Friday, April 05, 2024

Going bonkers

My friend Gill and I agreed yesterday that it has been raining here for six months. The Trail is too muddy to ride a bike on, you need wellies to walk over the fields, the garden is too waterlogged to dig, and I am getting fed up with indoor occupations that I love, such as painting.

Actually I think the rain has driven me a little bit bonkers. Otherwise why would I be unpicking a double bed patchwork quilt with the intention of remaking it? The quilt in question is my sunset quilt:




Actually, it was always a failure as a quilt, though as a wall hanging it might have passed muster.

But it doesn’t look like this any more because some of the colours are so faded, and also, of course, because I am unpicking it. 

Here is an example of the fade. This is the binding: it started as dark blue and is now a weird faded pinky orange:




I could have given it away to a pet shelter, I suppose, but there are some tasty bits of fabric in it that haven’t faded. And if I remake it in a new design and with new fresh pieces added, I can re-use the wadding and the back. Actually, the more I think about it the more mad the project seems. It will probably take me all summer to unpick it, if we actually have a summer. Who knows if the climate has changed for good? 

Dave meanwhile is also behaving strangely. You know I said he made me some hot cross buns for Easter as a treat? Well they were so delicious I asked him if he’d make me some more. 

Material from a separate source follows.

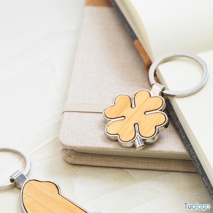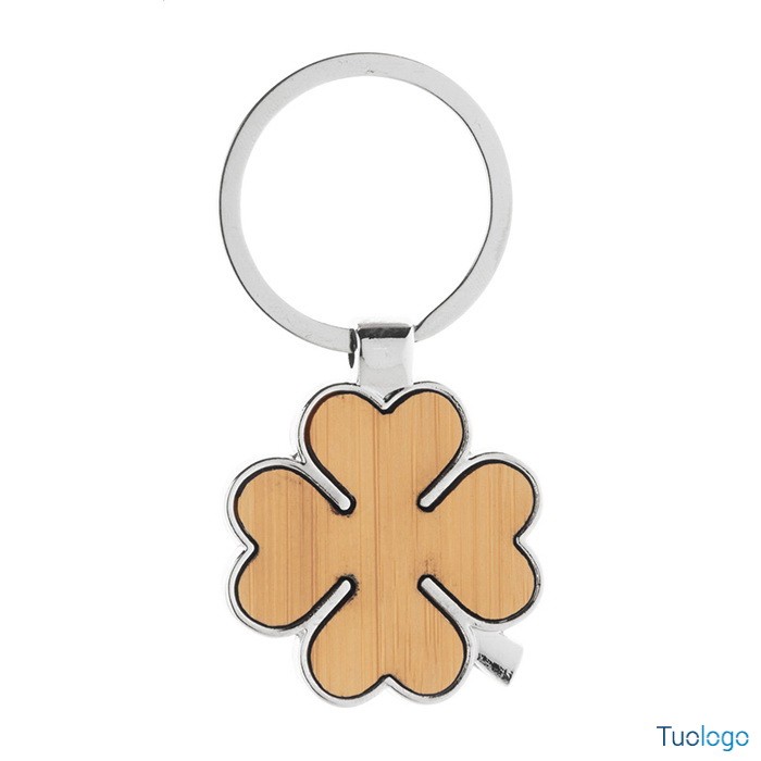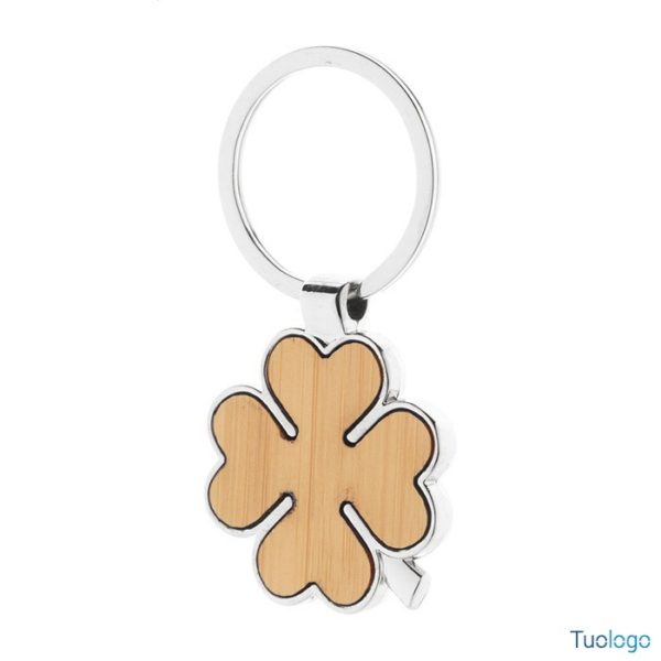 Portachiavi in metallo e bamboo Forks. Portachiavi in metallo a forma di quadrifoglio con inserto in bamboo. Fornito in scatola di cartoncino kraft. Dimensioni: diam cm 35×70×4.

Dave makes our bread and our oatcakes, even though he hates baking. And he doesn’t eat hot cross buns, but he is making me another batch.  I said it was the taste that mattered and he really didn’t need to bother about the cross on the top or the glaze, but he’s just come upstairs and asked if we have a metal nozzle because the hole in the plastic bag approach made the cross too wide last time.

“What’s going on?” I said. “I said I don’t care about the crosses.”

“I care about the crosses.”

“But why? You’re an atheist, you’re not going to eat them, and you hate baking, so why make it more of a faff than you need to?”

He then admitted that when our children were still at home and I was baker-in-chief, he was always disappointed by my hot cross buns (which in those days he ate) because I just made the cross with the knife, which meant they weren’t like the ones he had as a child. 

We don’t have a metal nozzle (a casualty of the fire that I never restocked) so I suggested he wash out the nozzle on a washing up liquid bottle, but he thought he'd never get rid of the taste of the detergent.

What do you know…he has just come upstairs to show me this:



It’s the unused nozzle from a silicon sealant dispenser tied on with a plastic tie. Let’s hope he likes the crosses this time.




And let us also hope the rain stops soon. We have a Refugee Hospitality Day in a couple of weeks and we really really need some sunshine for that. 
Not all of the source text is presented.